Three Things: Columbus Blue Jackets vs Ottawa Senators 10/28/14
Welcome to “Three things”, your recap-like-substance for Columbus Blue Jackets games. No one wants to read “this happened, then this happened” boring recaps, so instead of doing that, we’ll look at three important things from the night’s action and talk about those.
Things were okay for two periods, but after an ugly third and a couple of injuries, the night ended poorly for the Blue Jackets.
The injuries keep coming
Can the Blue Jackets maybe go a game or two without another player biting the dust and joining the injured reserve? On Tuesday night, the Jackets lost not, but two players. Defenseman James Wisniewski broke his finger and is expected to miss 1-2 weeks. And that was after Artem Anisimov was floored by an elbow from Eric Gryba. His status going forward is unknown until he’s examined later today. That’s all capped off by a fractured finger for Sergei Bobrovsky suffered in practice Monday, putting him on the injured-reserve as well.

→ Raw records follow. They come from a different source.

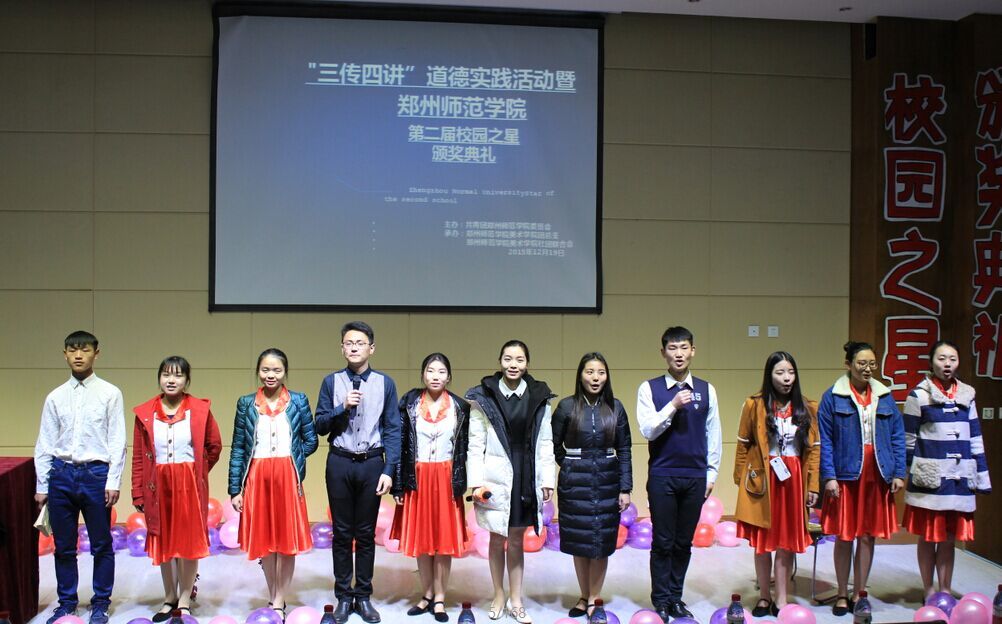 12月18日下午,在西校区特教楼举办了“点亮未来之星,共创人文校园——三传四讲道德实践活动暨郑州师范学院第二届校园之星颁奖典礼”。校党委于向英书记、美术学院负责人、校团委老师及各院系团总支书记均出席了本次活动。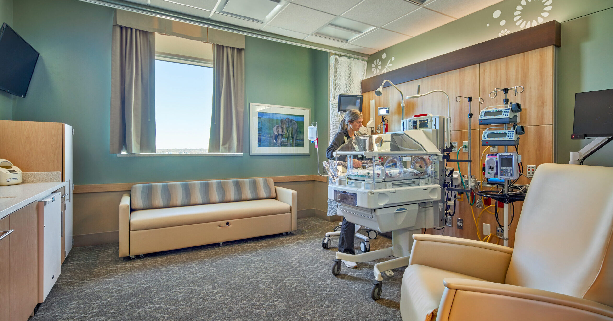 The new 10,000 s.f. NICU expansion was constructed over the existing, occupied hospital labor and delivery rooms requiring extensive Interim Life Safety Measures, a thorough Infection Control Risk Assessment, and constant coordination with hospital staff. The expansion added 12 new private patient rooms, two of which are protective environment rooms and two twin rooms for a total of 16 additional bassinets as well as supporting staff areas, special acuity space for twins, and provisions for natural light. Materials were selected to address acoustical concerns as well as the installation of sensors to alert nurses of heightened noise levels. To create a seamless flow throughout the hospital, finishes were chosen to aesthetically match the existing interior and exterior.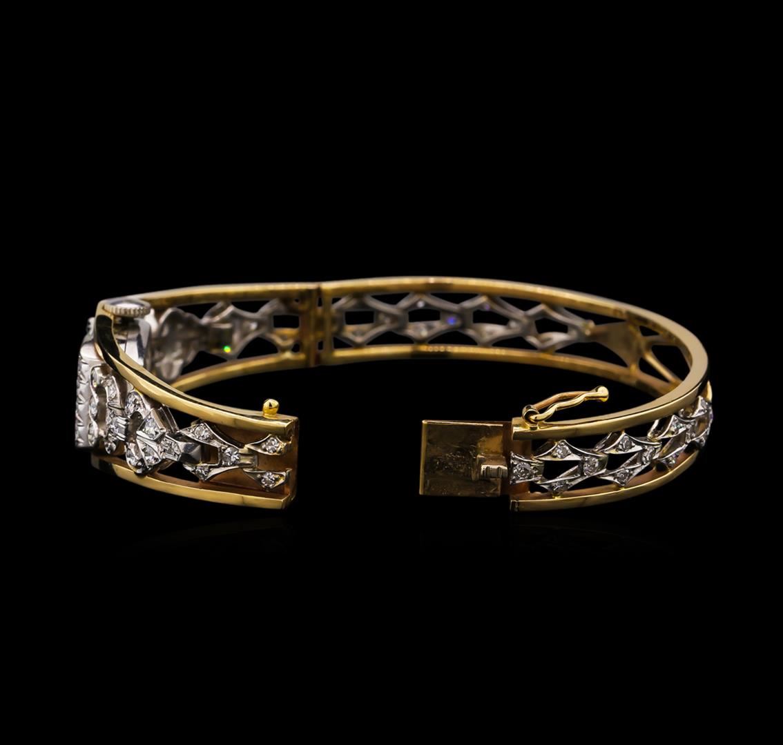 One electronically tested 14KT & platinum yellow gold lady's combination cast & assembled bangle bracelet Hamilton watch with a tongue clasp with foldover safety with a bright polish finish. The featured lady's bangle bracelet watch has a 17 jewel manual wind movement, movement number T47 3084 and case number 832697. The featured watch has a gold tone dial with silver narrow, baton-type hands. The featured bangle bracelet measures 6.5 inches in circumference. Condition is used, good workmanship. Containing: Forty prong set round brilliant cut diamonds, measuring 2.40 - 2.00 x 1.36mm (depth est.) approximate total weight of 40 Stones = 1.60ct. Graded in the setting. Clarity: VS-2 to SI-2. Color: G - Very Good Thirty-Six prong set single cut diamonds, measuring 2.00 - 1.90 x 1.21mm (depth est.) approximate total weight of 36 Stones = 1.00ct. Graded in the setting. Clarity: VS-2 to SI-1. Color: G - I. Cut Good. Total Weight of Diamonds 2.60ct. Total Weight of Bracelet Hamilton Watch 28.60gm. GAS Appraised at $7,210.00.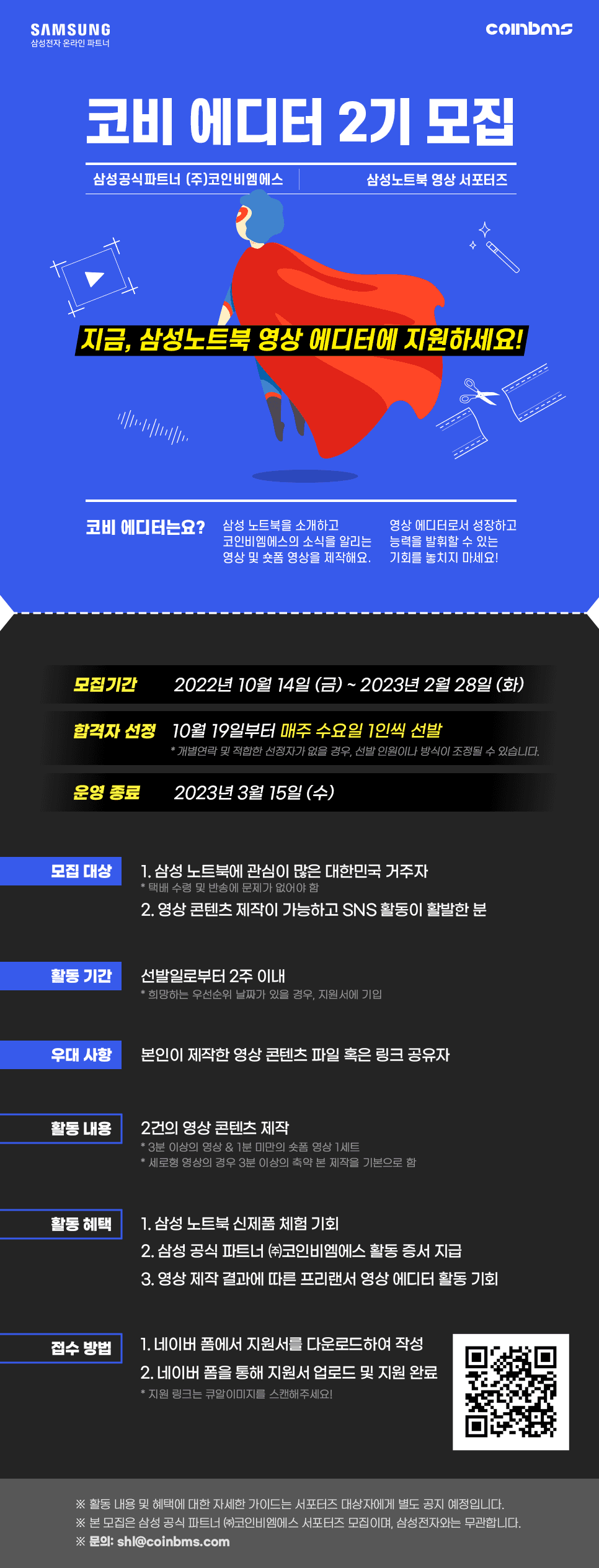 0. 모집 내용 - 모집 기간 : 2022년 10월 14일(금) \~ 2023년 2월 28일(화) (매주 상시 모집) - 합격자 선정 : 10월 19일부터 매주 수요일 1인씩 선발하여 개별 연락 - 운영 종료 : 2023년 3월 15일(수) 1. 모집 대상 - 삼성 노트북에 관심이 많은 대한민국 거주자 (택배 수령 및 반송에 문제가 없어야 함) - 영상 콘텐츠 제작이 가능하고 SNS 활동이 활발한 분 - 우대 사항 : 본인이 제작한 영상 콘텐츠 파일 혹은 링크 공유 시 2. 모집 인원 - 매주 1인씩 선발하여 총 상시 모집 예정 * 적합한 선정자가 없을 경우, 선발인원이나 방식이 조정될 수 있습니다. 3. 활동 기간 - 1주차 :합격자 선정 연락 및 대여 노트북 수령 & 콘텐츠 기획안 피드백 - 2주차 :영상 콘텐츠 제작 및 피드백 & 노트북 회수 및 영상 최종 공유 * 희망하는 우선순위 날짜가 있을 경우, 지원서에 기입 4. 활동 내용 - 2건의 영상 콘텐츠 제작 (3분 이상의 제품 소개 영상 & 1분 미만의 세로형 영상 1세트) * 세로형 영상의 경우 3분 이상의 영상의 축약 본으로 제작을 기본으로 함 5. 활동 혜택 - 삼성 노트북 갤럭시북2 신제품 체험 기회 - 활동 증서 지급 - 영상 제작 결과에 따른 프리랜서 영상 에디터 활동 기회 6. 지원 서류 및 접수 방법 - 네이버 폼에서 지원서를 다운로드하여 접수 - 지원서 다운로드 : http://naver.me/FSO3TAn7 - 네이버 폼 링크 : https://naver.me/GWrtDBnQ 7. 이메일 접수 및 문의처 - 문의 : shl@coinbms.com - 파일명 : 코비에디터_V02_이름 (네이버 폼에 명시 예정)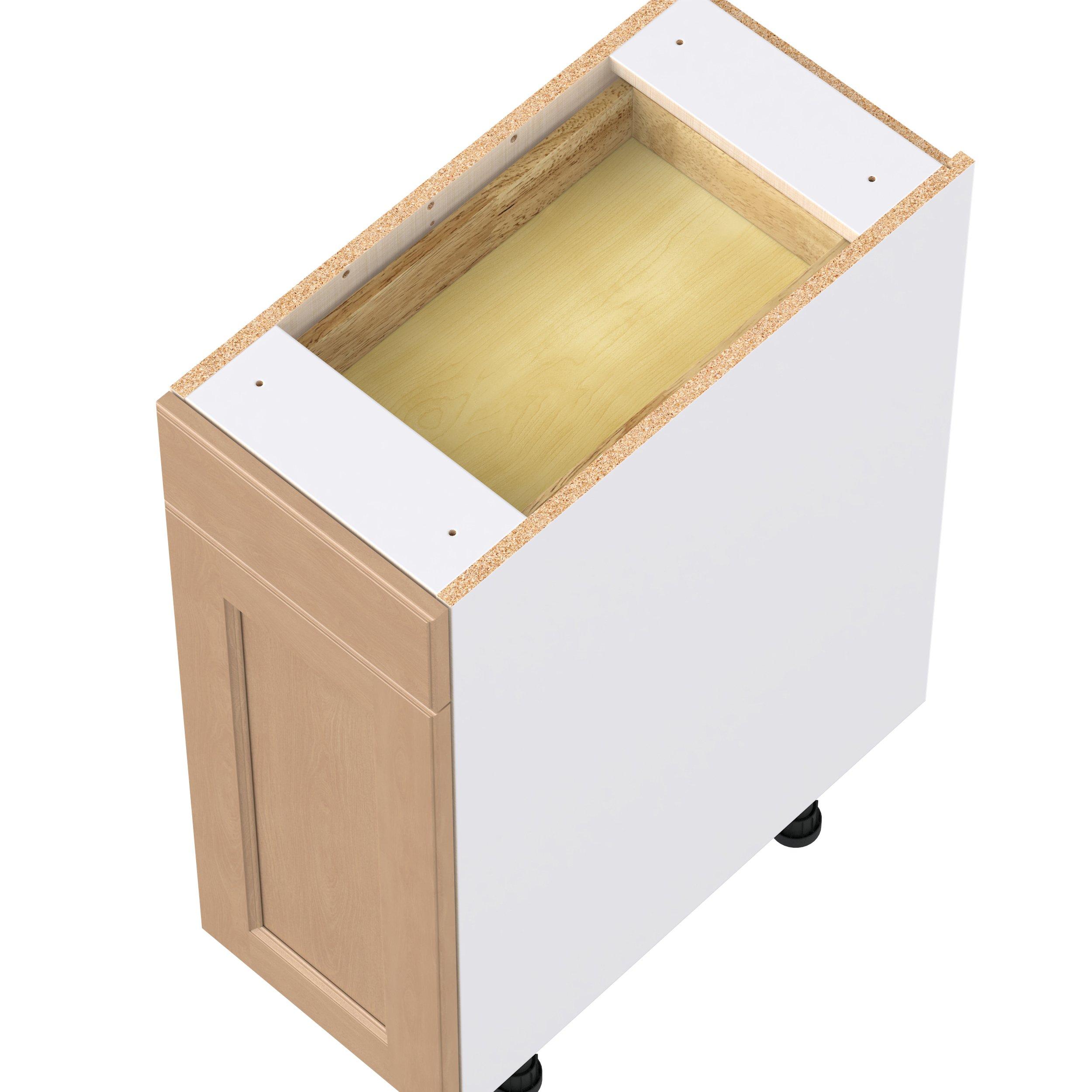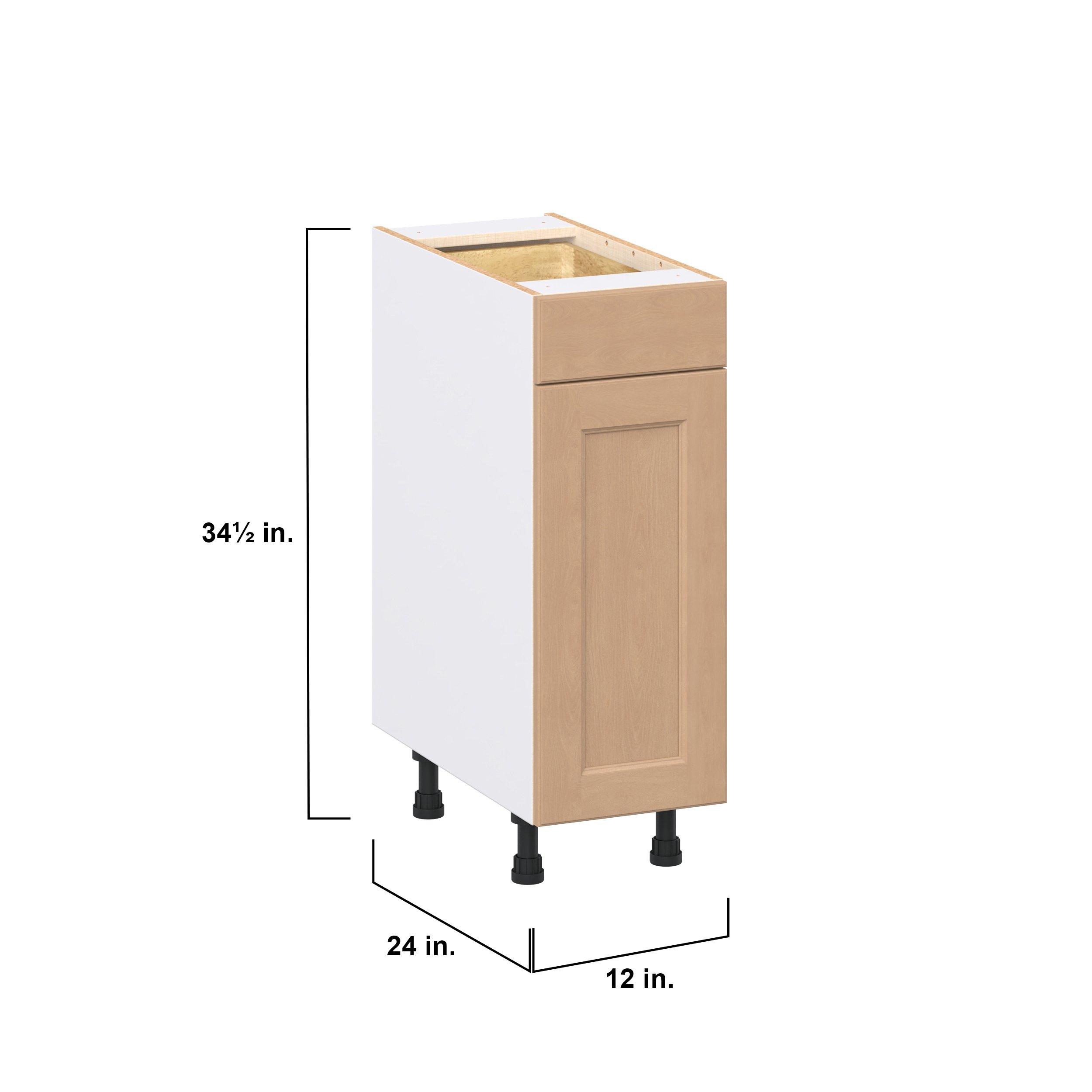 Experience the striking beauty of Sugarhill wide-rail shaker-inspired cabinets. Available in a warm and light sugar cookie finish, this collection will add warmth and lasting elegance to any space. Crafted from one-piece MDF Studio Design Collection Sugarhill 12 in. Stained Sugar Cookie Door and Drawer Base Cabinet is designed to resist hairline cracks while the easy-to-clean finish stands up to stains and moisture. Featuring 5-piece doors and dovetail drawer joints, these cabinets offer durability and elegance. This collection combines style with everyday storage solutions.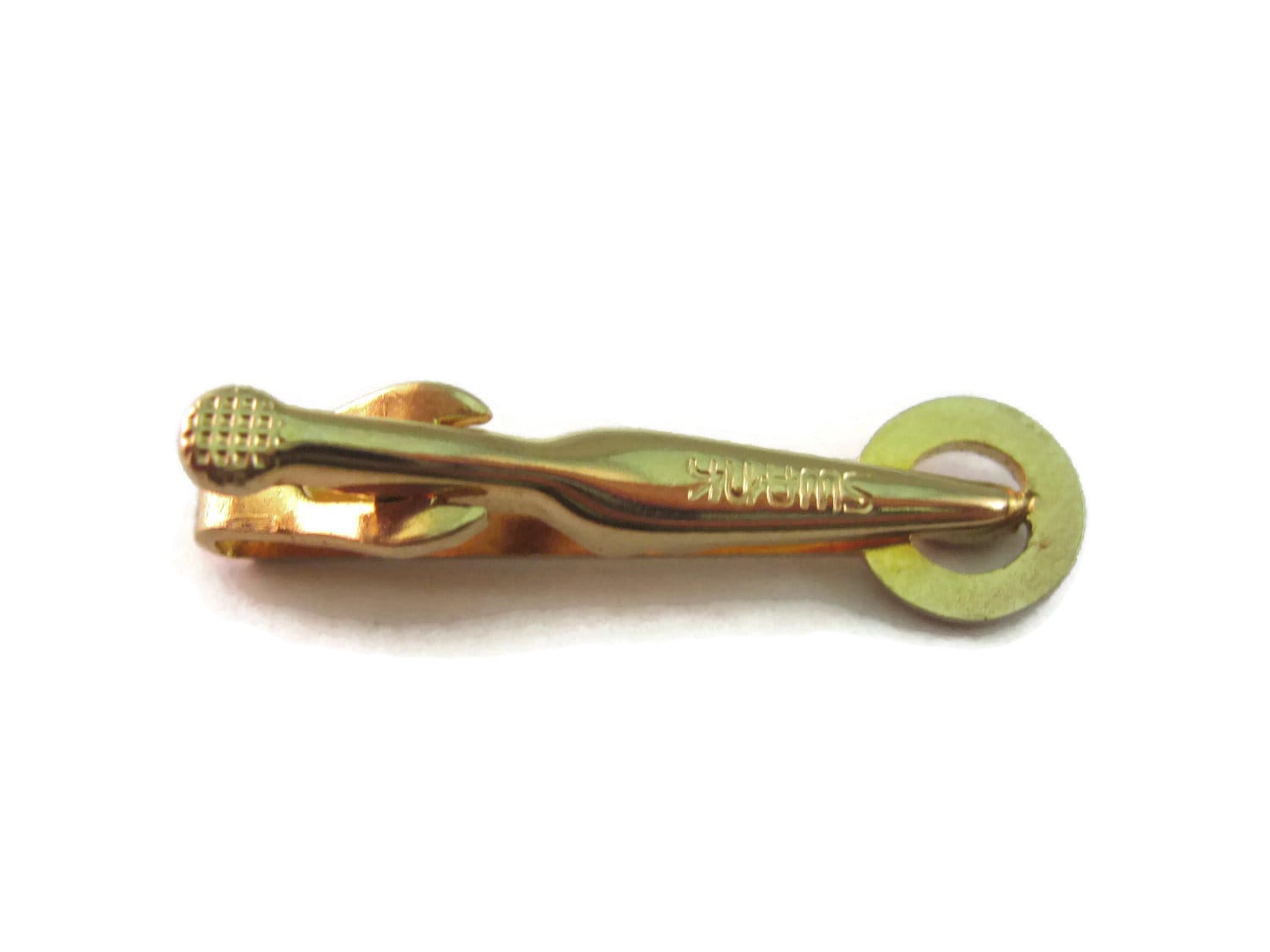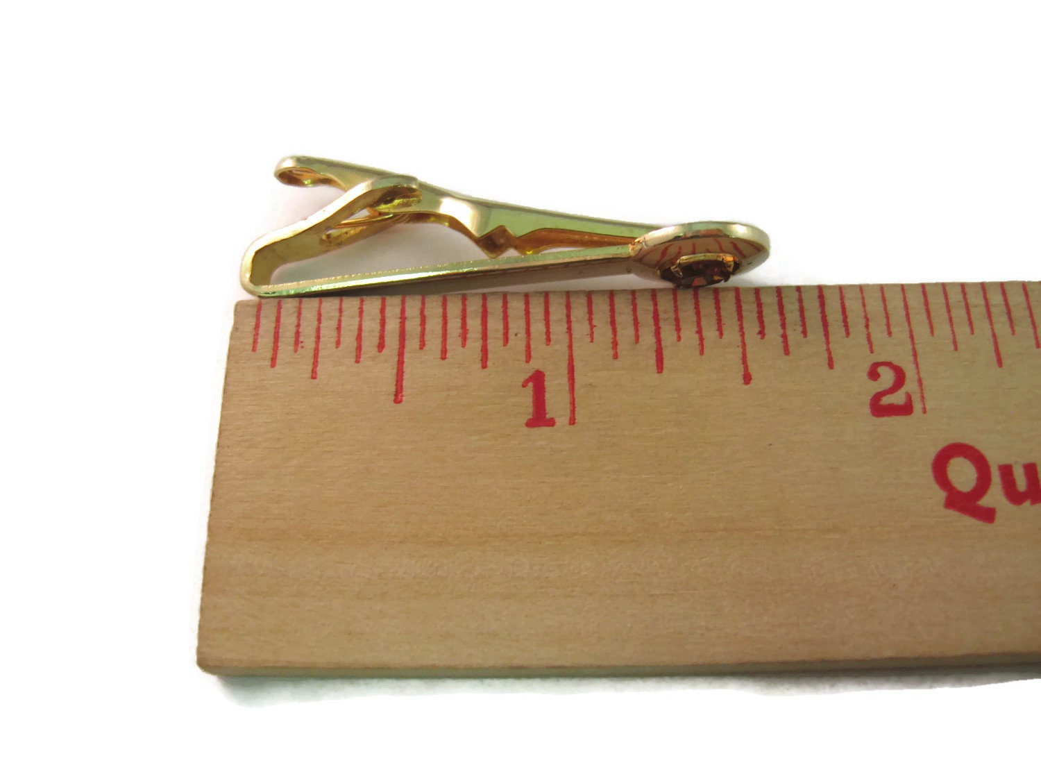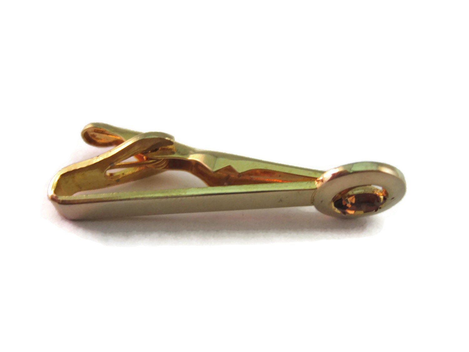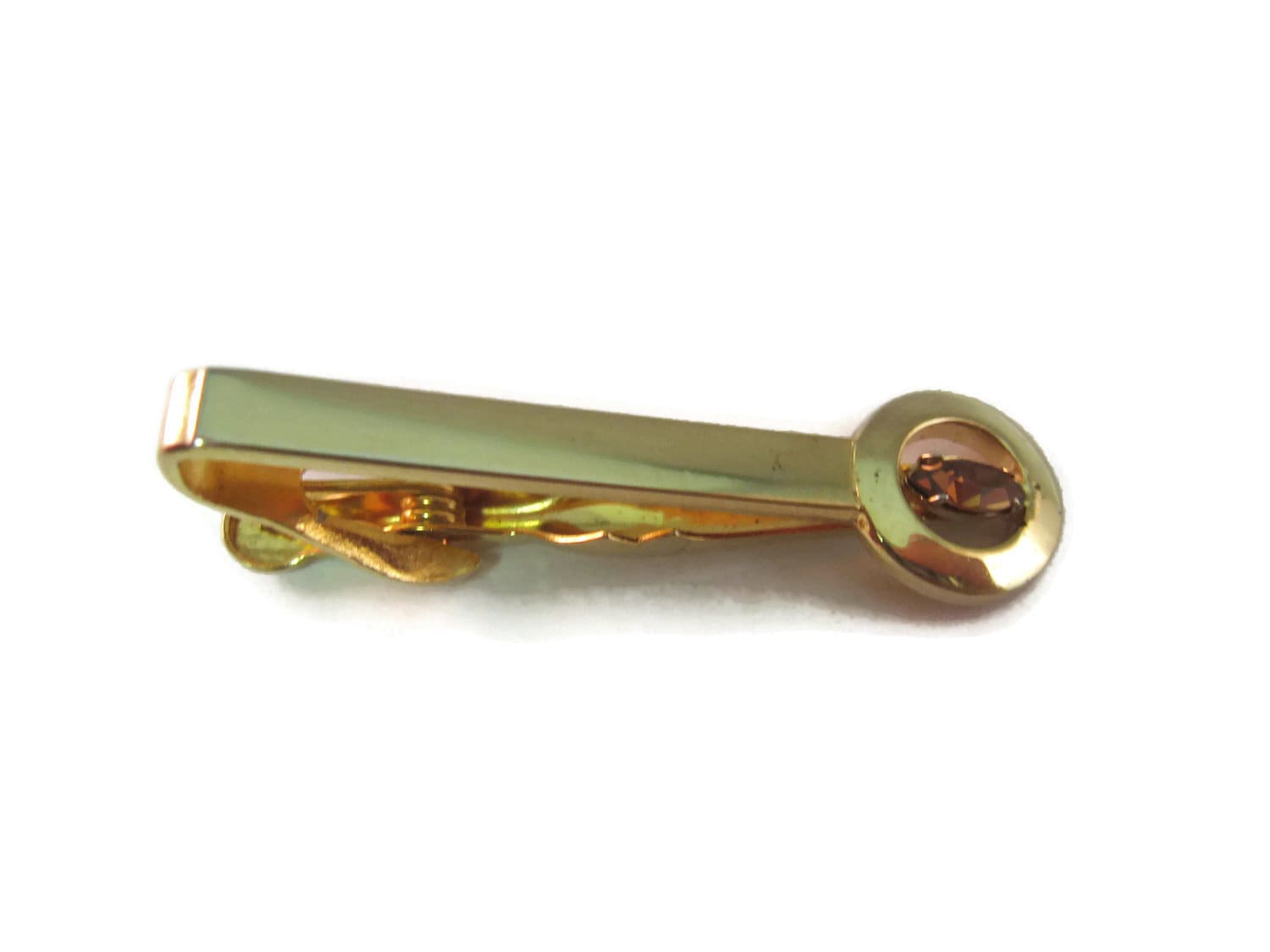 Vintage Men's Tie Bar Clip Jewelry: Brown Jewel Gold Tone Open Circle End Design

You know the story by now: these two will join Boone Jenner, Nathan Horton, Brandon Dubinsky and Matt Calvert on the shelf and that’s not even including Nick Foligno, who suffered a neck stinger over the weekend and is day-to-day.
The Blue Jackets really needed a break to just survive the rash of injuries that they faced before the year started; losing even more important pieces puts them so far behind the eight-ball they may not be able to recover.
Struggle to finish
For the first time in a few games, the Jackets actually go out to a positive start by scoring first; a power play goal from David Savard. Granted, they gave up that lead 1:03 later, but after starting down 2-0 in several games this year, it’s a step in the right direction.
After two, it was tied 2-2 and things were tight. But the loss of Wisniewski and Anisimov, as well as the play of Robin Lehner (36 saves) helped put the Senators ahead for good in the third. By the 11:08 mark of the third, it was over and the Sens were walking out with two points.
It’s tough to really fault the team here when they’re so shorthanded, but it’s even tougher to see two points slip away when things were tied after two periods and the team definitely needs to grab as many points as they can early while playing shorthanded. It’s going to be tough sledding until everyone starts getting back and the Jackets might not be able to come back if they start dropping more and more games.
Johansen’s streaking
Turning to something positive to close this out, it should be noted that Ryan Johansen is still on fire. He’s registered at least one point in all nine of the Jackets’ games so far this year and while that’s impressive on the surface, it’s even more impressive given the circumstances to start the year. We all know what they are: he missed training camp and the preseason due to a contract dispute, eventually joining the team before the start of the season and having his condition criticized by head coach Todd Richards.
Instead of struggling as we all expected, he’s currently tied for fifth in the NHL in scoring with names like Corey Perry, Jeff Carter, Jason Spezza and Ryan Getzlaf. Not bad company to be in. Reasonably, it can’t be expected of him to extend this thing much further; it’s hard enough to do in the NHL as it is without having to do so while half your team is on the shelf.